**EXTRACTED RECORDS**
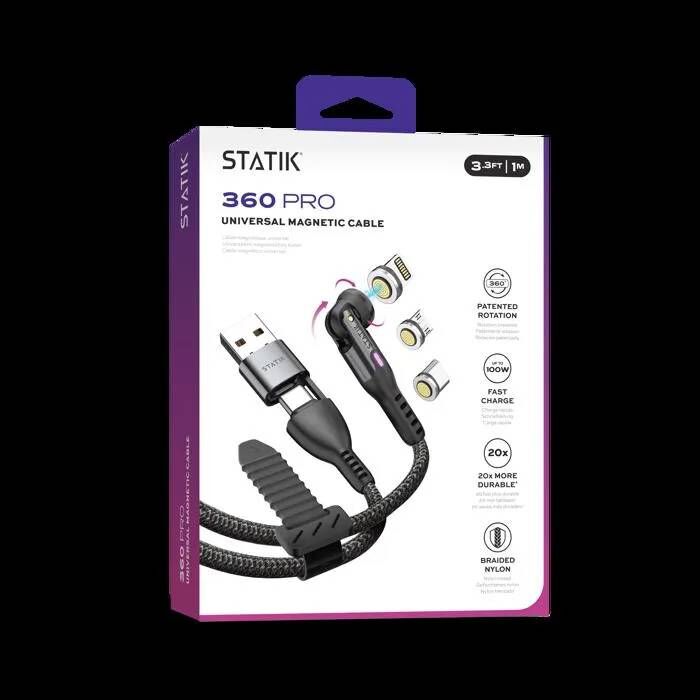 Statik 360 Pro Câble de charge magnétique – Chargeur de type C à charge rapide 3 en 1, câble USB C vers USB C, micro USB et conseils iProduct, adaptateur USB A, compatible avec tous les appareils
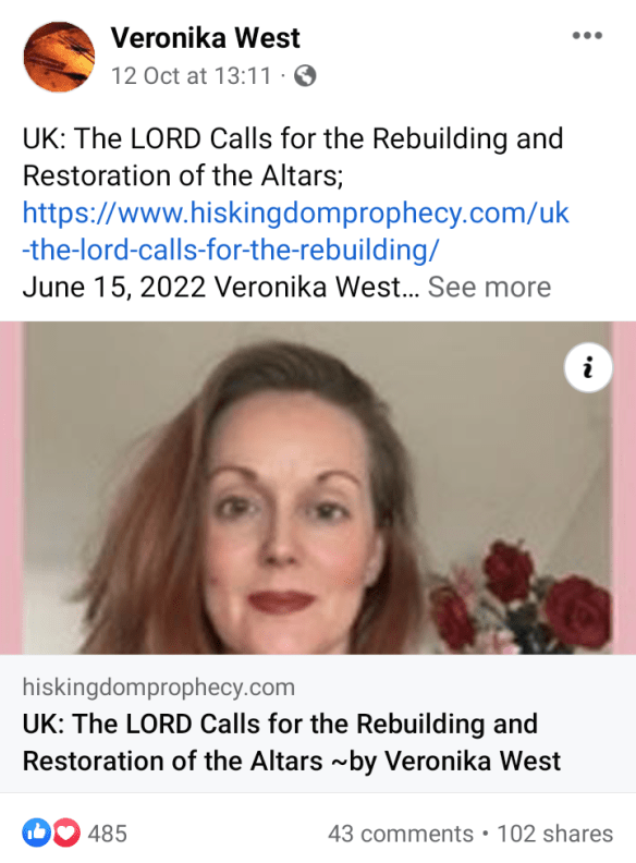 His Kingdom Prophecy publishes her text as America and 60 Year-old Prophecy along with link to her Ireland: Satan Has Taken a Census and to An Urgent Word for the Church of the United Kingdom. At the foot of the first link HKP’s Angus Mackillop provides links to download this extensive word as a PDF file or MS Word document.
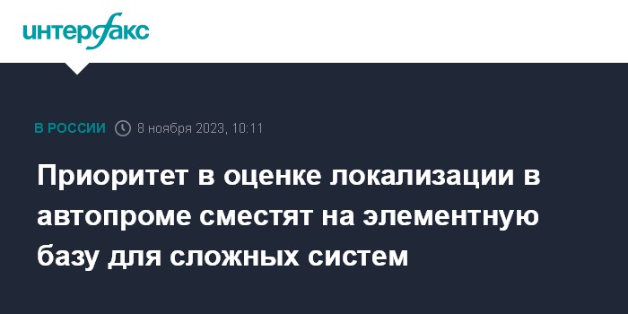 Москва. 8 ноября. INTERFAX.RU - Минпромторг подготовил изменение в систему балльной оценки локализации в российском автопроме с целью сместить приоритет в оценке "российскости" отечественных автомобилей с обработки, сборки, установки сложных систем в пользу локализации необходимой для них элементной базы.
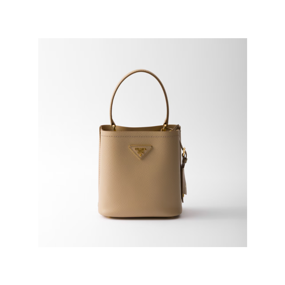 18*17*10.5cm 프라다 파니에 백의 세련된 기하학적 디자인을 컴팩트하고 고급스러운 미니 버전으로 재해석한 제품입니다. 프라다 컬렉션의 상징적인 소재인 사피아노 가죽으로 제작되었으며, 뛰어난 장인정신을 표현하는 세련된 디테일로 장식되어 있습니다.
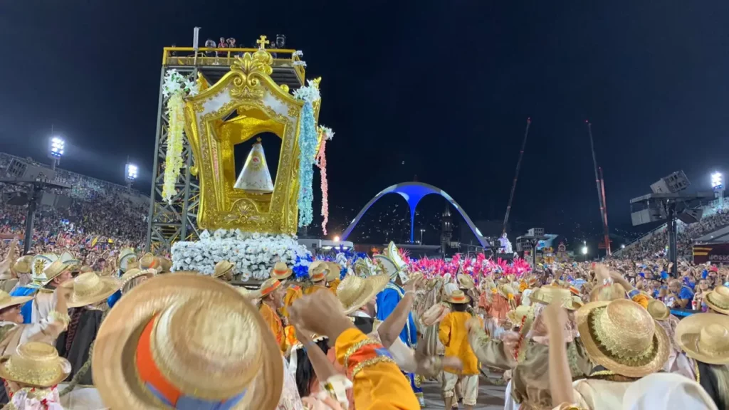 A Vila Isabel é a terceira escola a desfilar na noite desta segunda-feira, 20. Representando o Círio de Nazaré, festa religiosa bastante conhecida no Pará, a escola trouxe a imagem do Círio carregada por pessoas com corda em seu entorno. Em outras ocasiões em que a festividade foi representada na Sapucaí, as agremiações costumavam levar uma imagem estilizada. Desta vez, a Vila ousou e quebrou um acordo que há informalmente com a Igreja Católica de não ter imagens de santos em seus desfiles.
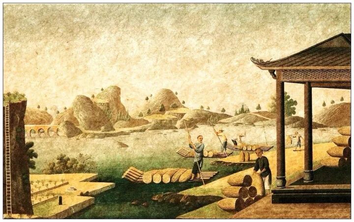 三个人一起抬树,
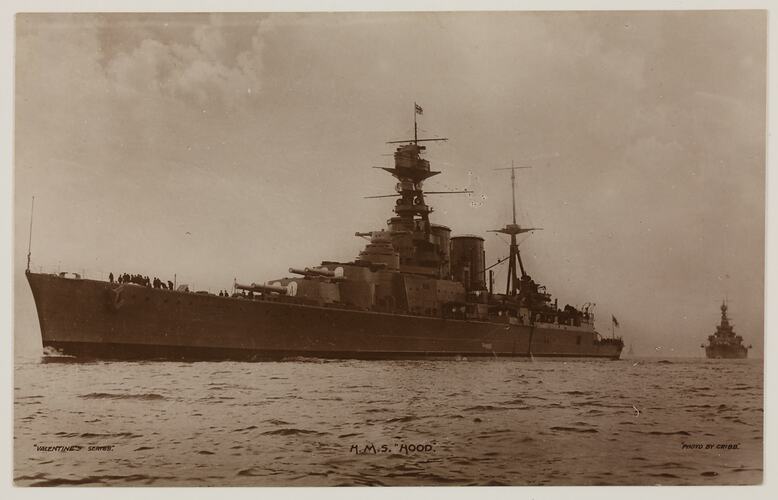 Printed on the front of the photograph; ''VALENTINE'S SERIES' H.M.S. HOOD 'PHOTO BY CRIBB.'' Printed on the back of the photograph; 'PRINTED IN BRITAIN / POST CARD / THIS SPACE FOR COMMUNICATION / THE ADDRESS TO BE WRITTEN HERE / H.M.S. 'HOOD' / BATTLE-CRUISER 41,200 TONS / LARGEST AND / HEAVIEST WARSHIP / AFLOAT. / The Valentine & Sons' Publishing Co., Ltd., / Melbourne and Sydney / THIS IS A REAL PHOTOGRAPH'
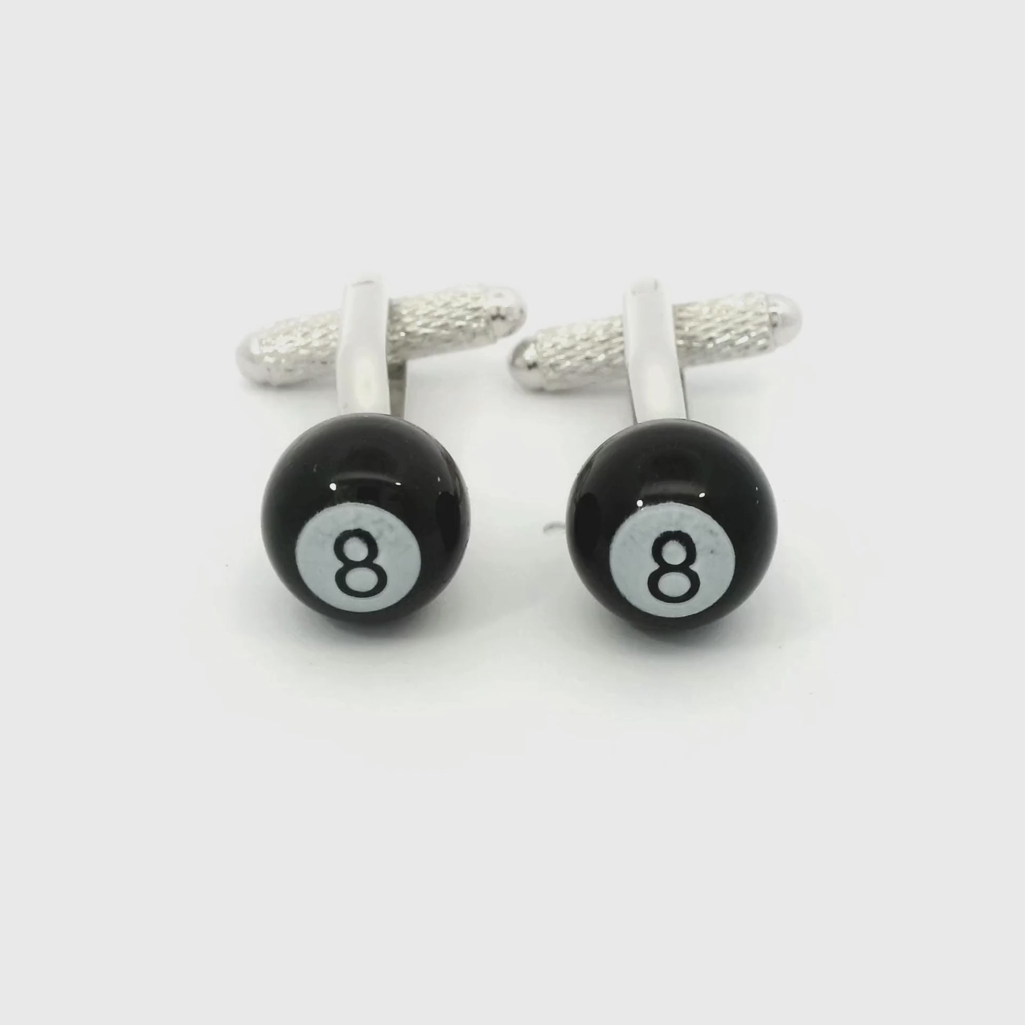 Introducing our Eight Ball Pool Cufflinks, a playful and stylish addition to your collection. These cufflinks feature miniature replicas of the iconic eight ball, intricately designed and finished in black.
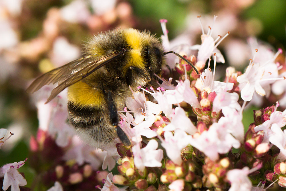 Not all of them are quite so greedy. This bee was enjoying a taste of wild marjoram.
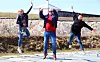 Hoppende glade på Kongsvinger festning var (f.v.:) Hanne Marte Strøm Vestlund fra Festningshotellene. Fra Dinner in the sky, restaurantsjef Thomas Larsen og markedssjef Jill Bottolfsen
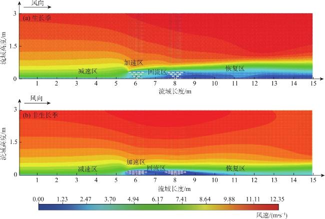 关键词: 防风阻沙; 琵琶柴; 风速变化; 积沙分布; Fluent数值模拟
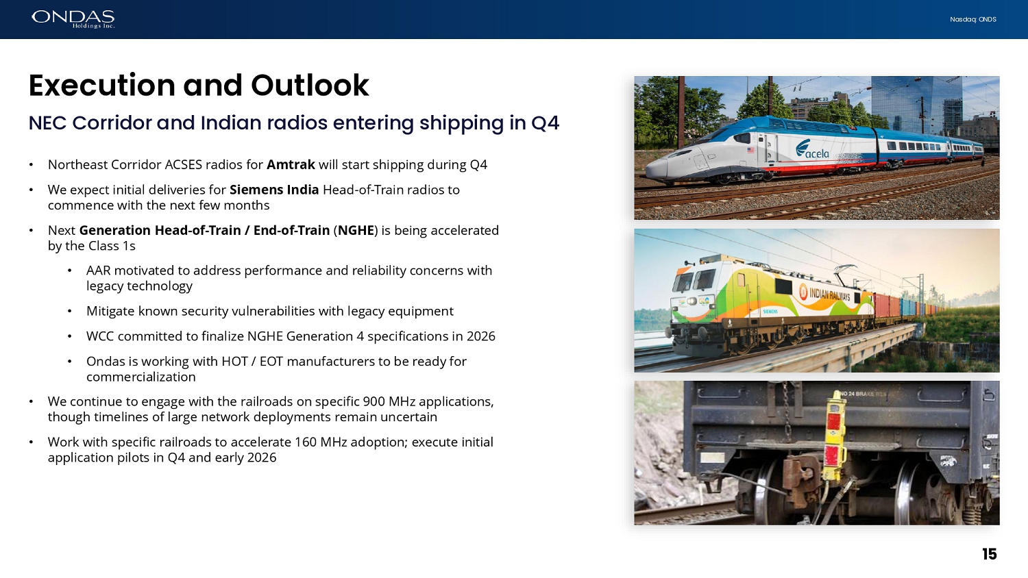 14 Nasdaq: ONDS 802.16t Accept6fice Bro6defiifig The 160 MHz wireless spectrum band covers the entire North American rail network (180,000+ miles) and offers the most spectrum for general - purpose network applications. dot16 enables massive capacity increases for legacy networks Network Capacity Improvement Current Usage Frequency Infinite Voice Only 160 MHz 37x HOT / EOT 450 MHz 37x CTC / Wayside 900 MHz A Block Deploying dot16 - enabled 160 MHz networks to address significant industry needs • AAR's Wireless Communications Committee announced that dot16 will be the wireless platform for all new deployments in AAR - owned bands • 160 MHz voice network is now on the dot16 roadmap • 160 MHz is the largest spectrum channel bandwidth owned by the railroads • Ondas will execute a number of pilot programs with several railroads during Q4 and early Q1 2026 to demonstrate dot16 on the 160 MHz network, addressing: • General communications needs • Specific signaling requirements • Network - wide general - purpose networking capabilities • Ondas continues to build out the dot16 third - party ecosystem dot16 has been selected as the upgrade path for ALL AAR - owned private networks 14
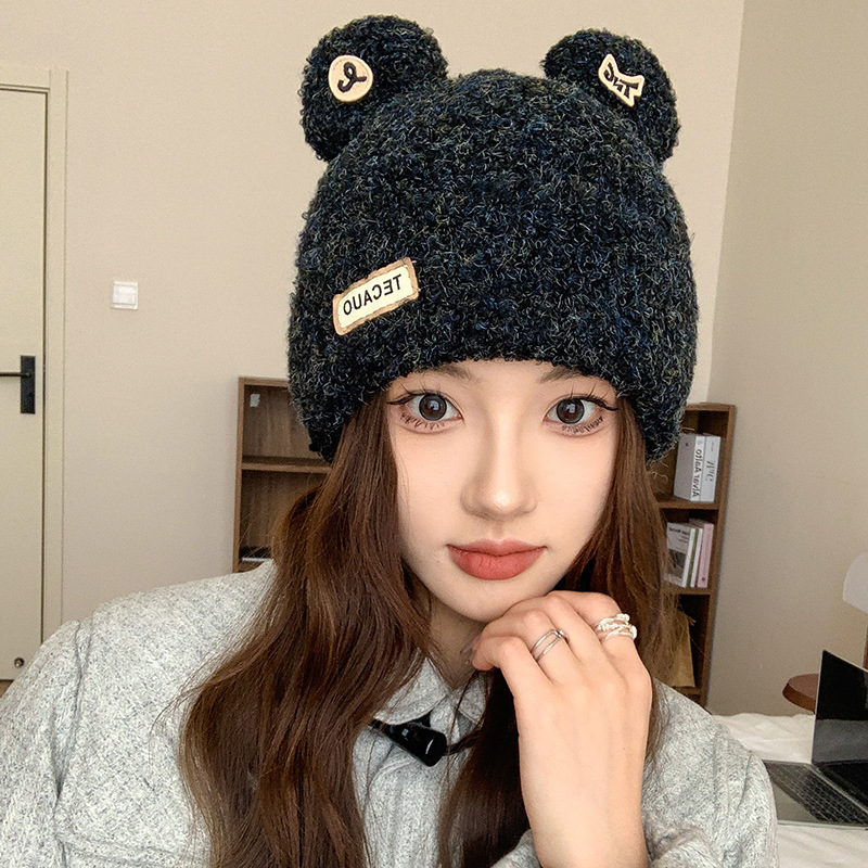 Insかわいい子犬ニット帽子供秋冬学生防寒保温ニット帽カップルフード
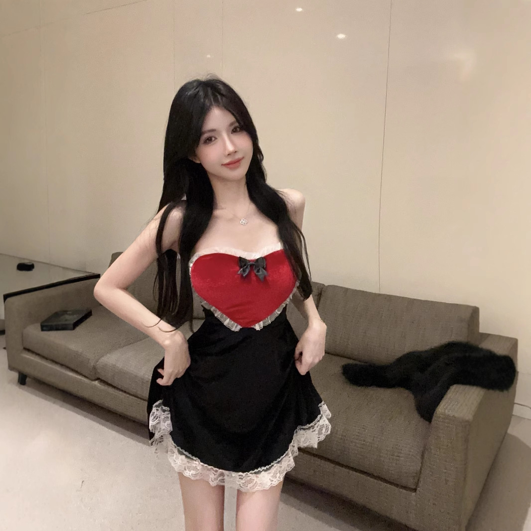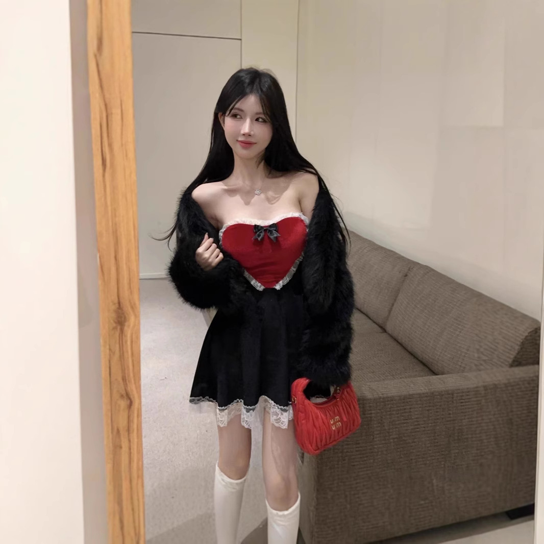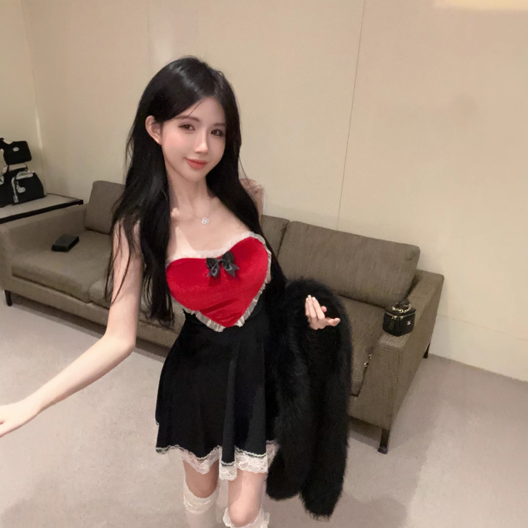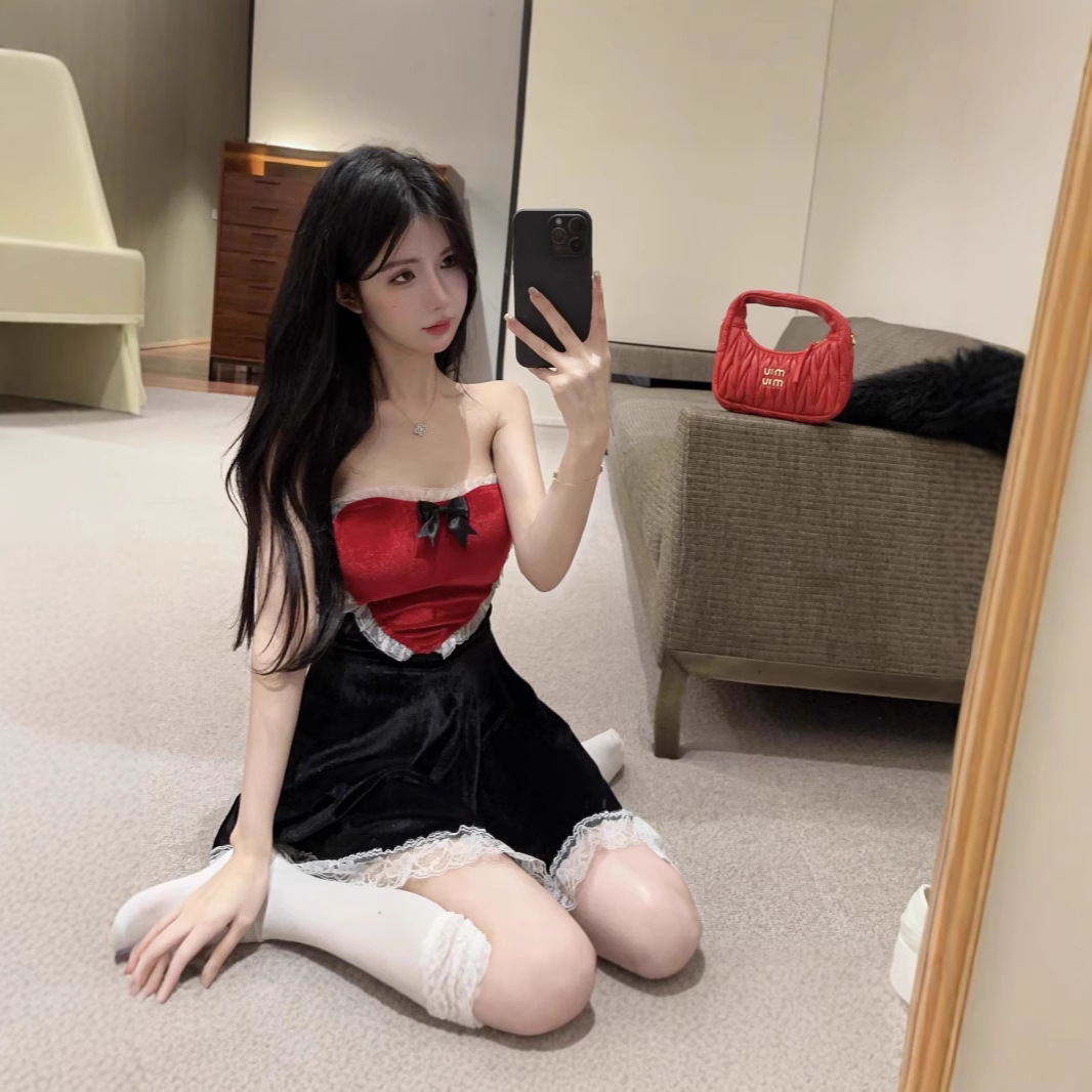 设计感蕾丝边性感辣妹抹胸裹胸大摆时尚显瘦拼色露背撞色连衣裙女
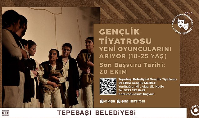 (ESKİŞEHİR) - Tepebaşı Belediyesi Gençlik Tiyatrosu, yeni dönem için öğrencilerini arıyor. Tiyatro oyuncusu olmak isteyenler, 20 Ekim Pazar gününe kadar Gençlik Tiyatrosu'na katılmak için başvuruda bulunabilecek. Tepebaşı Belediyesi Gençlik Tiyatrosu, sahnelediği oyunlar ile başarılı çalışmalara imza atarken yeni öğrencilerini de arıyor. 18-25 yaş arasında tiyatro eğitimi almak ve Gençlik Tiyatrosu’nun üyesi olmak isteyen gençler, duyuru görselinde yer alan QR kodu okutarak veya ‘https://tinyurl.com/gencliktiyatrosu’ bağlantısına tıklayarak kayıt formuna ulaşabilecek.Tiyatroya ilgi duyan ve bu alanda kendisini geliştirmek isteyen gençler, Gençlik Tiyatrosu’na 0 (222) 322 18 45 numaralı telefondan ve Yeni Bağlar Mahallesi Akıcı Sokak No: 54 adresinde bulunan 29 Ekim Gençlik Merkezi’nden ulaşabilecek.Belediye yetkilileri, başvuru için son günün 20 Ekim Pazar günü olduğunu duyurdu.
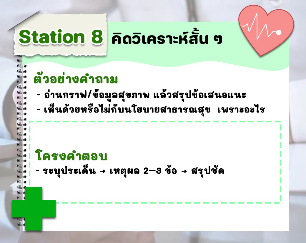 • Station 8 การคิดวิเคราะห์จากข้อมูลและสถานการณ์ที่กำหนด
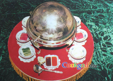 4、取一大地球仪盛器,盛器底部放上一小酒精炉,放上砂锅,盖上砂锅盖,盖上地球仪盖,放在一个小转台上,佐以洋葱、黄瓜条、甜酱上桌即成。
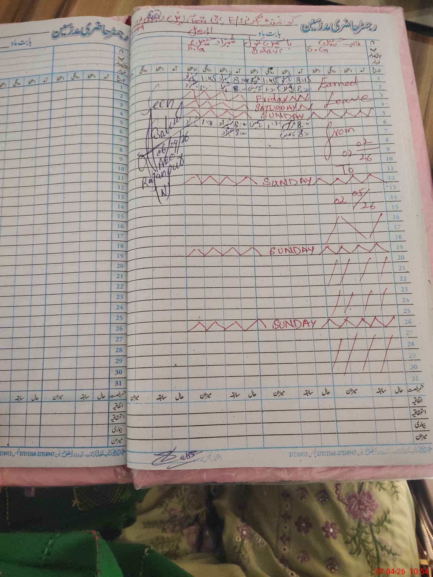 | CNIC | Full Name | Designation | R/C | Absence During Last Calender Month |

**TASK STATEMENT**
Above are the records; copy exactly the lines from the one with "A Vila Isabel" through the one with "Printed on the front", including both, and nothing more. Leave out pictures.

**WRITTEN SOLUTION**
 A Vila Isabel é a terceira escola a desfilar na noite desta segunda-feira, 20. Representando o Círio de Nazaré, festa religiosa bastante conhecida no Pará, a escola trouxe a imagem do Círio carregada por pessoas com corda em seu entorno. Em outras ocasiões em que a festividade foi representada na Sapucaí, as agremiações costumavam levar uma imagem estilizada. Desta vez, a Vila ousou e quebrou um acordo que há informalmente com a Igreja Católica de não ter imagens de santos em seus desfiles.
 三个人一起抬树,
 Printed on the front of the photograph; ''VALENTINE'S SERIES' H.M.S. HOOD 'PHOTO BY CRIBB.'' Printed on the back of the photograph; 'PRINTED IN BRITAIN / POST CARD / THIS SPACE FOR COMMUNICATION / THE ADDRESS TO BE WRITTEN HERE / H.M.S. 'HOOD' / BATTLE-CRUISER 41,200 TONS / LARGEST AND / HEAVIEST WARSHIP / AFLOAT. / The Valentine & Sons' Publishing Co., Ltd., / Melbourne and Sydney / THIS IS A REAL PHOTOGRAPH'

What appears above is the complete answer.